→ TASK INPUT
*** Block opens ***

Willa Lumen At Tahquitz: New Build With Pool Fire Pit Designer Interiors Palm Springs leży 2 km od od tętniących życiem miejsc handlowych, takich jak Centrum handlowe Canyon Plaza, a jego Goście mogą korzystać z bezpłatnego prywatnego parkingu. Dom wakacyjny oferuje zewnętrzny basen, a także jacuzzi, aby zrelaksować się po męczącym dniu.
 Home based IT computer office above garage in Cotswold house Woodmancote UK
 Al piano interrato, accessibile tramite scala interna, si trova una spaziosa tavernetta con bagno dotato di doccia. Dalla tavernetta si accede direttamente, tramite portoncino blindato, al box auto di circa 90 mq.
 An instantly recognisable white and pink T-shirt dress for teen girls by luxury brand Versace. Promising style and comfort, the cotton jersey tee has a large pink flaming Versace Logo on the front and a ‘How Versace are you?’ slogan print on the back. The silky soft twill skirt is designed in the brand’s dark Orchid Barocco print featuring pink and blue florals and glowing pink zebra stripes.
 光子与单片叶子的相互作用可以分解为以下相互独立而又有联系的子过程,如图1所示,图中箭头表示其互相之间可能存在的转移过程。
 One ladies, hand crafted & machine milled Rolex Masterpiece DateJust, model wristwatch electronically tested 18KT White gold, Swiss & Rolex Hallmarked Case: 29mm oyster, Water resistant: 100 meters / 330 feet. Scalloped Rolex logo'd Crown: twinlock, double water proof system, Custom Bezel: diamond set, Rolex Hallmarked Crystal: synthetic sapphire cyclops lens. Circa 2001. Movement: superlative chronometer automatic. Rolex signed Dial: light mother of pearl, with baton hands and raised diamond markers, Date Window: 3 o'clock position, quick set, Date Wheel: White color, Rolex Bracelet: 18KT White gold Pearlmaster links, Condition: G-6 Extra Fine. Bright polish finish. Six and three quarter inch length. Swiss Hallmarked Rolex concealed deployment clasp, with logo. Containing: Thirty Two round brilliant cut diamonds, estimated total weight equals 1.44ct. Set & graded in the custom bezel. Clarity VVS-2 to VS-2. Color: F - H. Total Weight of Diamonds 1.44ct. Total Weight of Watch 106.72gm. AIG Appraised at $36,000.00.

*** Block closes ***
*** Block opens ***

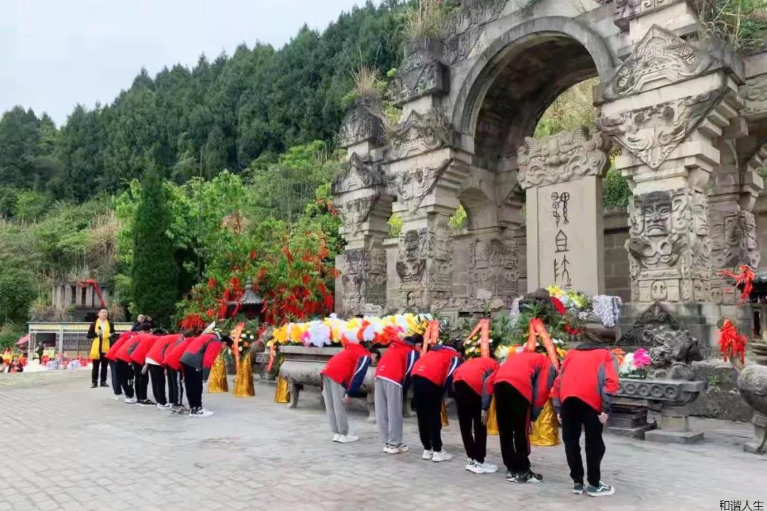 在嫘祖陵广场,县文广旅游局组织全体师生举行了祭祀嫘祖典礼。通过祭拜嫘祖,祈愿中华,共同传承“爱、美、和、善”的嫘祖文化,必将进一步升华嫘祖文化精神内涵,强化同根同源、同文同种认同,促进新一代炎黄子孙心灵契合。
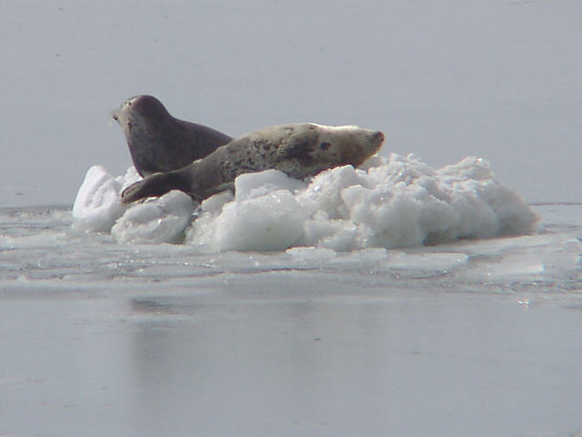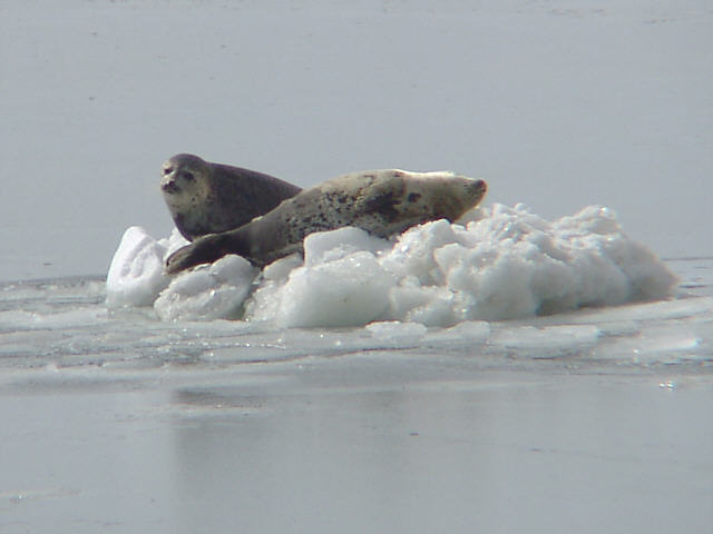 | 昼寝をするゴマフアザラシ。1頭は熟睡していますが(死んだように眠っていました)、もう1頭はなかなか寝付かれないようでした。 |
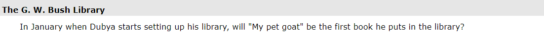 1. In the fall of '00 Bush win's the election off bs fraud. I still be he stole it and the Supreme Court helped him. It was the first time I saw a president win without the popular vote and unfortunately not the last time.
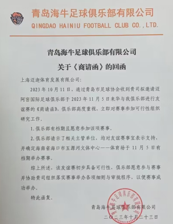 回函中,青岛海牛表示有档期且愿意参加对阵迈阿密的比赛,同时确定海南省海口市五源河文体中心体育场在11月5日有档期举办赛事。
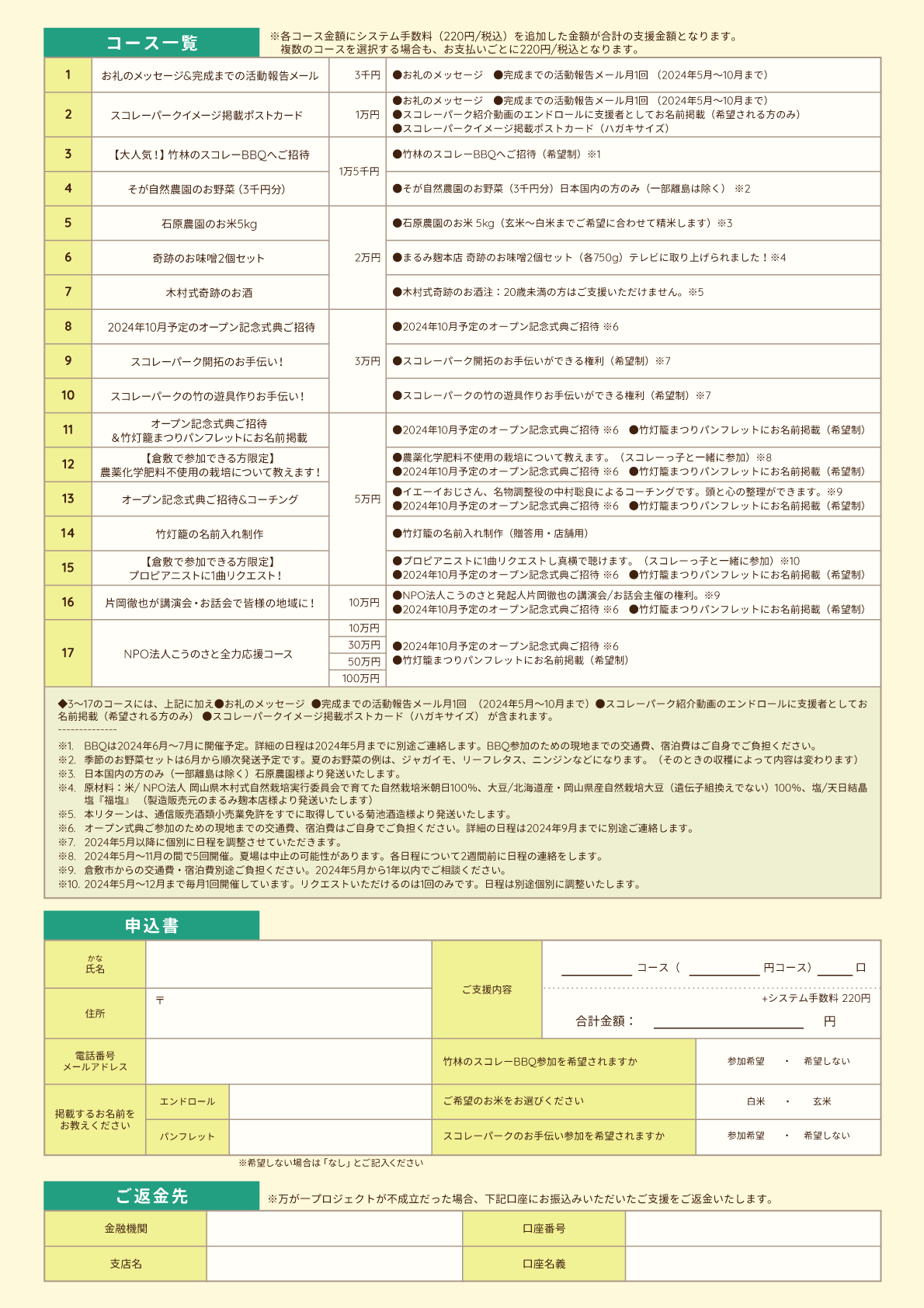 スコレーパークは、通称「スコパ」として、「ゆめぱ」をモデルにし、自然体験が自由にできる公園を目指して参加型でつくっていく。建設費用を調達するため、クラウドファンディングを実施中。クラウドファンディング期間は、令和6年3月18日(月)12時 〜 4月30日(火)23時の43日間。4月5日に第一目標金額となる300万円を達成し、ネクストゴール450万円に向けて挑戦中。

*** Block closes ***
*** Block opens ***

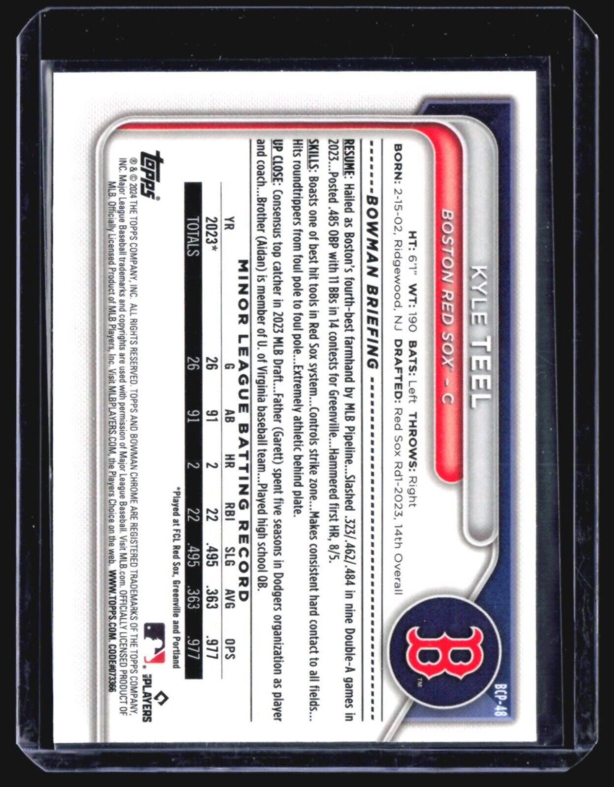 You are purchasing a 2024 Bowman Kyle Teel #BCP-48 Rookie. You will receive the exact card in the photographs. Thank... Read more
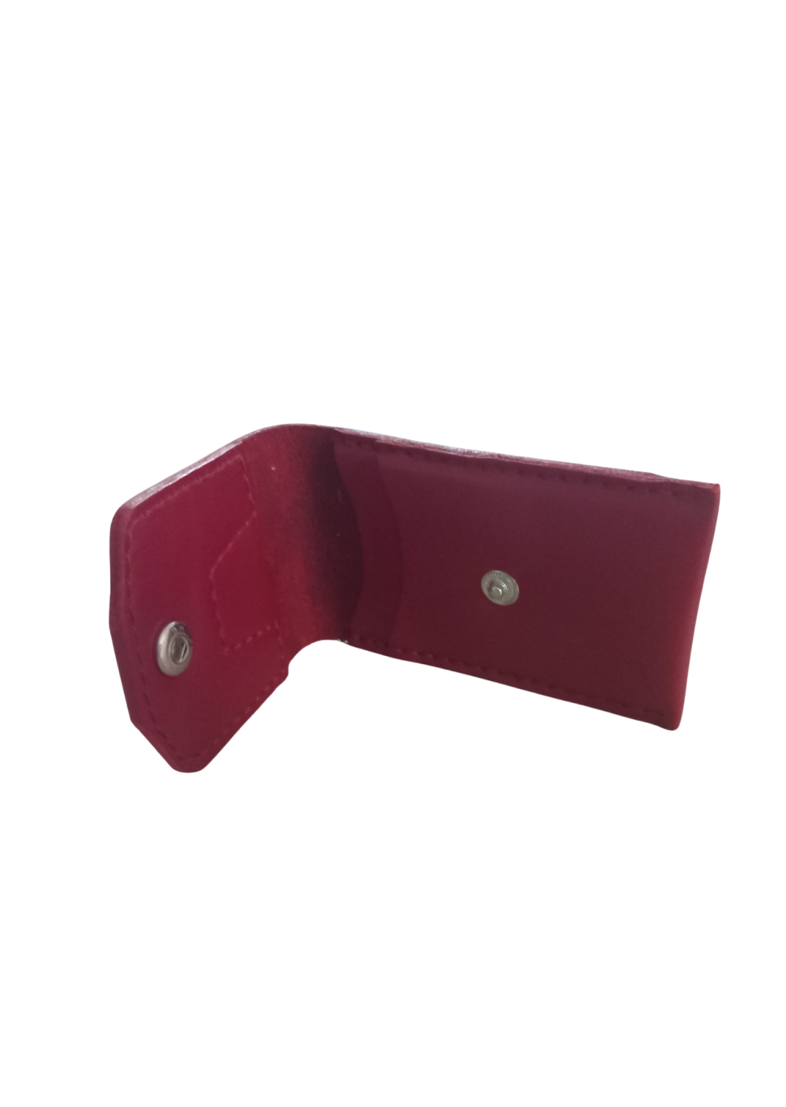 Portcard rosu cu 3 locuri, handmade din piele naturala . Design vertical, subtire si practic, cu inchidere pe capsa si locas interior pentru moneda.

*** Block closes ***

→ WHAT TO WORK ON
Repeat the entries above verbatim, but only from the line that has "Willa Lumen At" down to the line that has "One ladies, hand", inclusive.

→ RESULT OF THE EXERCISE
Willa Lumen At Tahquitz: New Build With Pool Fire Pit Designer Interiors Palm Springs leży 2 km od od tętniących życiem miejsc handlowych, takich jak Centrum handlowe Canyon Plaza, a jego Goście mogą korzystać z bezpłatnego prywatnego parkingu. Dom wakacyjny oferuje zewnętrzny basen, a także jacuzzi, aby zrelaksować się po męczącym dniu.
 Home based IT computer office above garage in Cotswold house Woodmancote UK
 Al piano interrato, accessibile tramite scala interna, si trova una spaziosa tavernetta con bagno dotato di doccia. Dalla tavernetta si accede direttamente, tramite portoncino blindato, al box auto di circa 90 mq.
 An instantly recognisable white and pink T-shirt dress for teen girls by luxury brand Versace. Promising style and comfort, the cotton jersey tee has a large pink flaming Versace Logo on the front and a ‘How Versace are you?’ slogan print on the back. The silky soft twill skirt is designed in the brand’s dark Orchid Barocco print featuring pink and blue florals and glowing pink zebra stripes.
 光子与单片叶子的相互作用可以分解为以下相互独立而又有联系的子过程,如图1所示,图中箭头表示其互相之间可能存在的转移过程。
 One ladies, hand crafted & machine milled Rolex Masterpiece DateJust, model wristwatch electronically tested 18KT White gold, Swiss & Rolex Hallmarked Case: 29mm oyster, Water resistant: 100 meters / 330 feet. Scalloped Rolex logo'd Crown: twinlock, double water proof system, Custom Bezel: diamond set, Rolex Hallmarked Crystal: synthetic sapphire cyclops lens. Circa 2001. Movement: superlative chronometer automatic. Rolex signed Dial: light mother of pearl, with baton hands and raised diamond markers, Date Window: 3 o'clock position, quick set, Date Wheel: White color, Rolex Bracelet: 18KT White gold Pearlmaster links, Condition: G-6 Extra Fine. Bright polish finish. Six and three quarter inch length. Swiss Hallmarked Rolex concealed deployment clasp, with logo. Containing: Thirty Two round brilliant cut diamonds, estimated total weight equals 1.44ct. Set & graded in the custom bezel. Clarity VVS-2 to VS-2. Color: F - H. Total Weight of Diamonds 1.44ct. Total Weight of Watch 106.72gm. AIG Appraised at $36,000.00.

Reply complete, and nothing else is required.